• [Goal of the exercise]: Without any pictures, copy the records below once more, exactly as they are.

[Supplied material Boundary: Start]

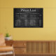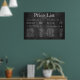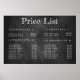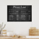 Denna stora samtida affisch för typografisk grafisk design prislista på väggen är gjord för att se ut precis som en svart tavla men är det inte. Det är en tekniskt avancerad mall som är konfigurerad och redo för dig att skriva över med alla dina egna salong menyer kafé tjänster och priser.
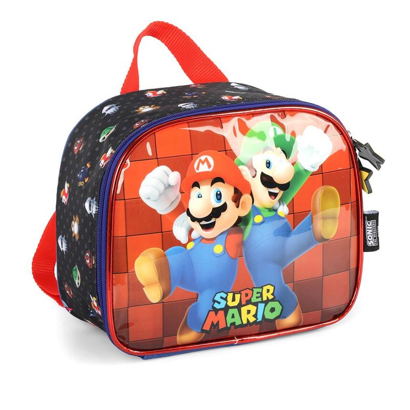 LANCHEIRA TÉRMICA LUXCEL SUPER MARIO Lancheira térmica com estampa frontal, alça de mão, alça de costas reguláveis, fechamento em zíper e etiquetas personalizadas. Características Principais: Dimensões aproximadas: 25 x 19 x 10cm (LxAxP). Garantia contra defeito de fabricação.
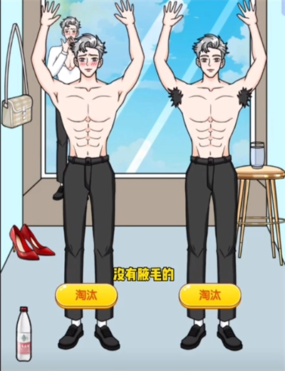 1. 把衣服脱掉后点击【身体】,将没有腋毛的男性淘汰。
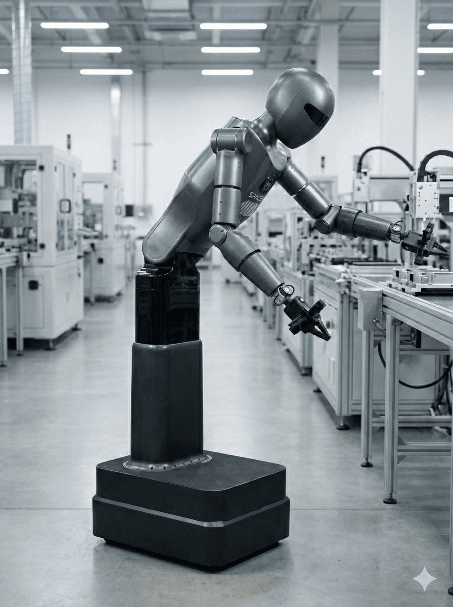 Each arm supports up to 5 kg for precise pick-and-place tasks, while the integrated base trolley carries up to 200 kg, enabling seamless transport of materials across manufacturing, logistics, and warehouse environments
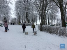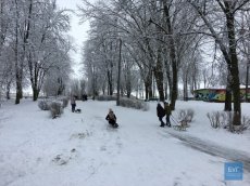 Так, 4 лютого, в неділю, снігом вкрилися дерева, дороги та все навколо. Діти та дорослі тішилися вихідним днем.
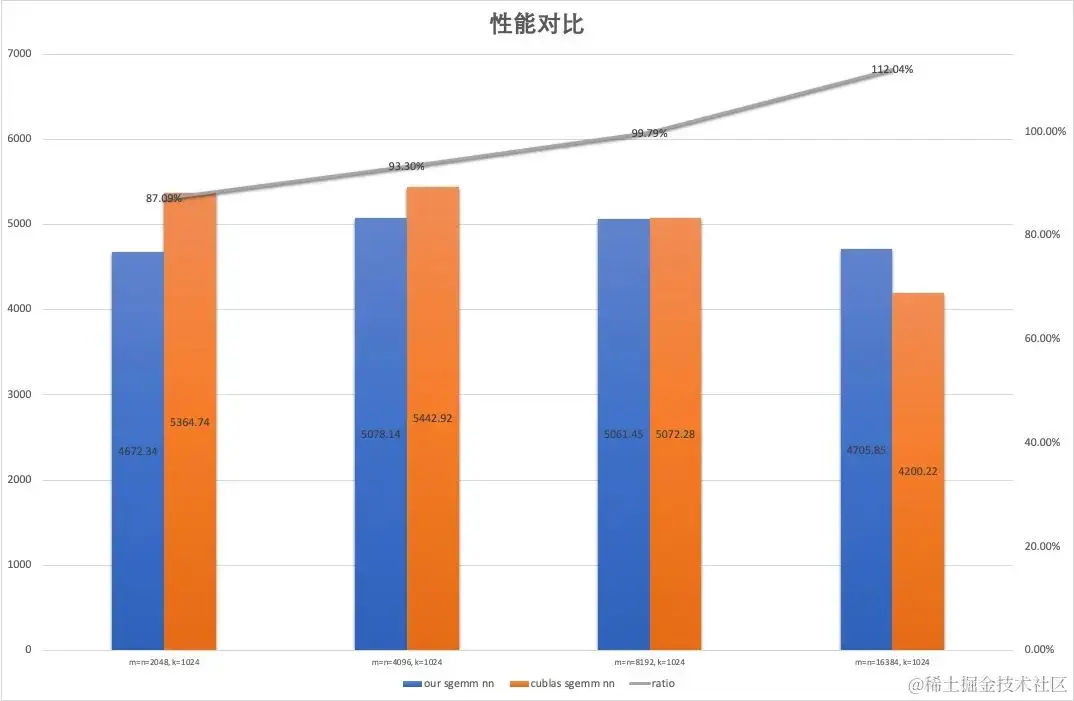 可以看到所实现的 SGEMM Kernel 达到了 cublas 平均 97.5% 的性能。
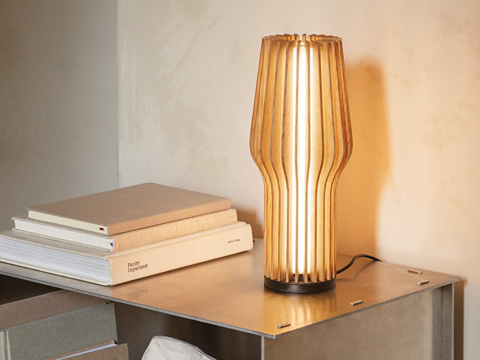 Lampa wykonana z naturalnego drewna dębowego, bezprzewodowa, ładowana za pomocą podstawki z ładowarką z przewodem USB.
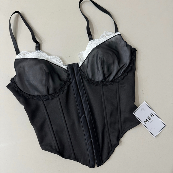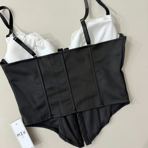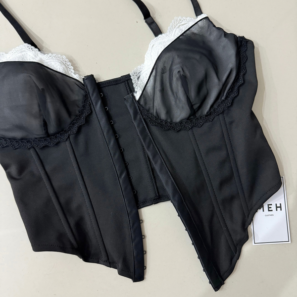 🔹 Corset MOKA con ballenas y broches medios corsetero, detalles en puntilla. Breteles regulables.
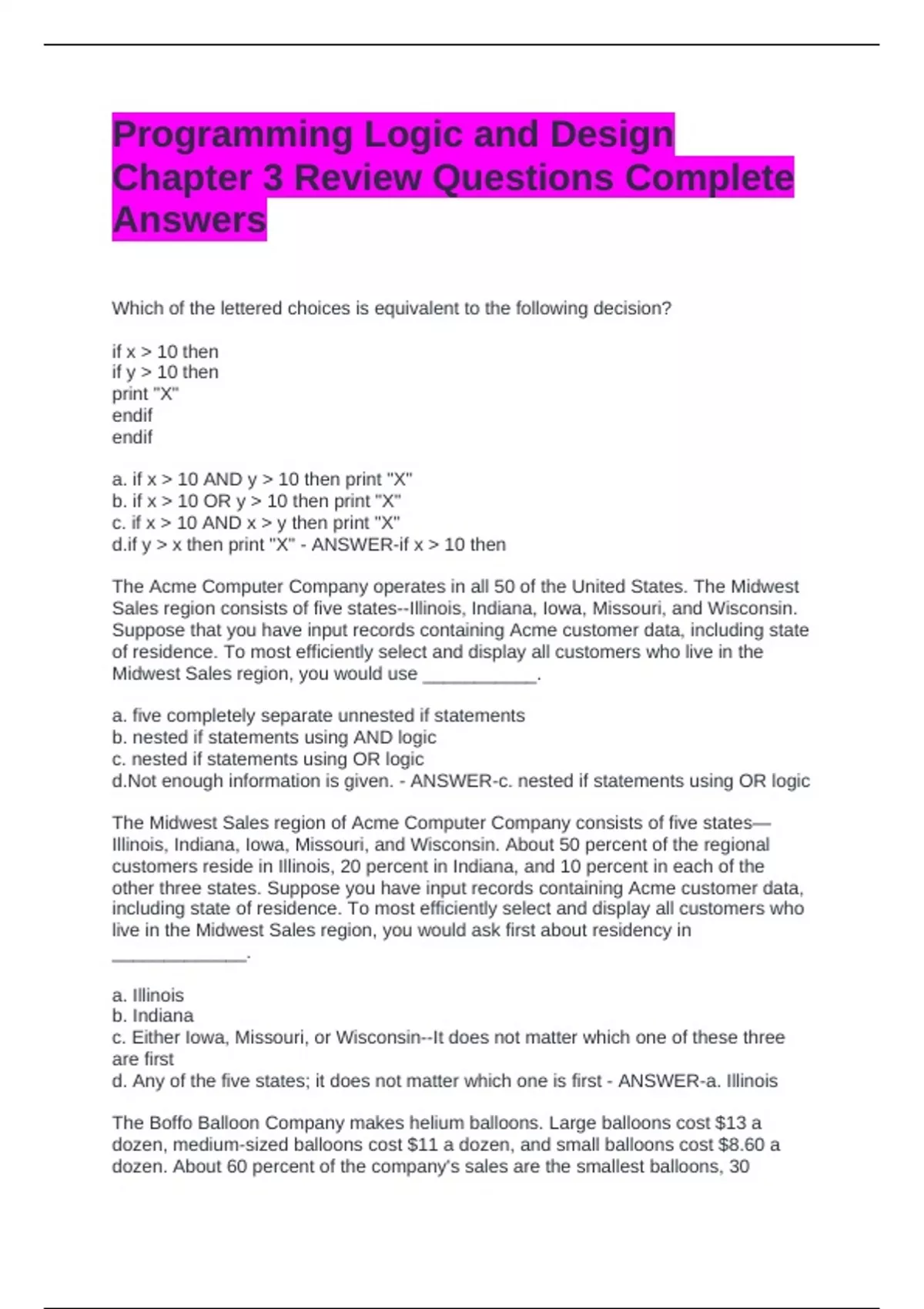 Programming Logic and Design Chapter 3 Review Questions Complete Answers

[Supplied material Boundary: End]

• [Exercise response]:
 Denna stora samtida affisch för typografisk grafisk design prislista på väggen är gjord för att se ut precis som en svart tavla men är det inte. Det är en tekniskt avancerad mall som är konfigurerad och redo för dig att skriva över med alla dina egna salong menyer kafé tjänster och priser.
 LANCHEIRA TÉRMICA LUXCEL SUPER MARIO Lancheira térmica com estampa frontal, alça de mão, alça de costas reguláveis, fechamento em zíper e etiquetas personalizadas. Características Principais: Dimensões aproximadas: 25 x 19 x 10cm (LxAxP). Garantia contra defeito de fabricação.
 1. 把衣服脱掉后点击【身体】,将没有腋毛的男性淘汰。
 Each arm supports up to 5 kg for precise pick-and-place tasks, while the integrated base trolley carries up to 200 kg, enabling seamless transport of materials across manufacturing, logistics, and warehouse environments
 Так, 4 лютого, в неділю, снігом вкрилися дерева, дороги та все навколо. Діти та дорослі тішилися вихідним днем.
 可以看到所实现的 SGEMM Kernel 达到了 cublas 平均 97.5% 的性能。
 Lampa wykonana z naturalnego drewna dębowego, bezprzewodowa, ładowana za pomocą podstawki z ładowarką z przewodem USB.
 🔹 Corset MOKA con ballenas y broches medios corsetero, detalles en puntilla. Breteles regulables.
 Programming Logic and Design Chapter 3 Review Questions Complete Answers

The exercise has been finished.